Friday, October 2, 2015

Council reveals supply management issues


The annual report from the Farm Products Council of Canada reveals that all of the poultry agencies face challenges.

The council has been pressuring the egg agency for at least several years to reduce its levy used to divert eggs from the high-priced “table” market to the lower-priced processing market.

The council notes that the levy comes out of the pocket of consumers of table-market eggs, which is what they pick up at supermarkets.

It has made several suggestions to address its concerns, such as having some of the levy money coming out of farmer’s pockets instead of being added to the price of table-market eggs or charging a fee for increases in the number of hens quota holders are allowed to have.

The council’s annual report also reveals that it has had reservations about the degree to which the national egg marketing agency has wanted to increase production.

One of its concerns is that some provinces can use the extra eggs, but in other provinces it will result in greater surpluses to be diverted to processors.

The issue remains unresolved, but the pressure has eased this year because prices for processing eggs in the United States have soared in the wake of avian influenza wiping out multi-million-bird flocks devoted to producing for processors.

That means there is a less of a price gap in Canada between table-market and processing-market eggs.

At the chicken board, the council’s report lauds the agreement reached this year that will give Ontario a greater share of production increases than some other provinces.

Ontario is devoting much of the increase to address demand for specialty and niche-market chicken.

But processors in British Columbia, Alberta and Saskatchewan have challenged the new deal, complaining that it favours Ontario processors at their expense.

They have filed appeals with their provincial supervisory boards.

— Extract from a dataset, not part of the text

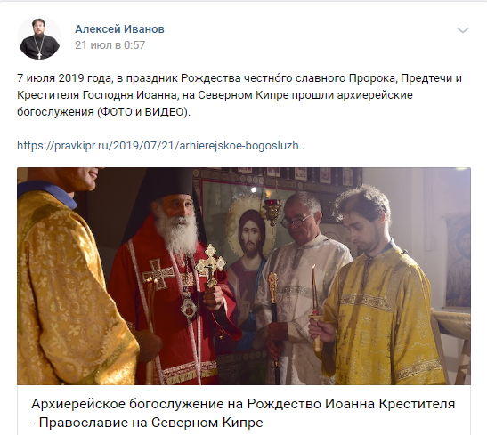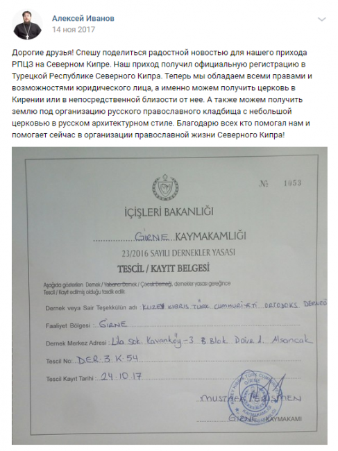Ivanov’s social media post announcing the “good news” that their parish has been officially registered in the Turkish Republic of North Cyprus, and that now they have all the rights and opportunities of a legal entity

The council also notes that this new deal can’t take full and official long-term effect unless and until all signatories to the federal-provincial supply-management system agree.

A single negative vote by any province, any provincial marketing board or at the national chicken agency would scuttle the deal.

At the turkey board, the council continues to express concern about transparency in annual reporting, about updating the federal-provincial agreement, about the cost-of-production formula used for pricing turkeys farmers sell to processors and favours more research to determine how consumer demand can be increased.

At the Canadian Hatching Egg Producers agency, the council is watching four failed attempts last year to resolve complaints Ontario has filed over a dramatic increase in imports from Quebec.

When the national agency began, there were two million chicks moving from Quebec to Ontario farmers. Now it’s 10 million a year.


Direct meetings between the two provinces have failed to reach an agreement and the council notes that some provinces that are members of the agency are suggesting that they try mediation.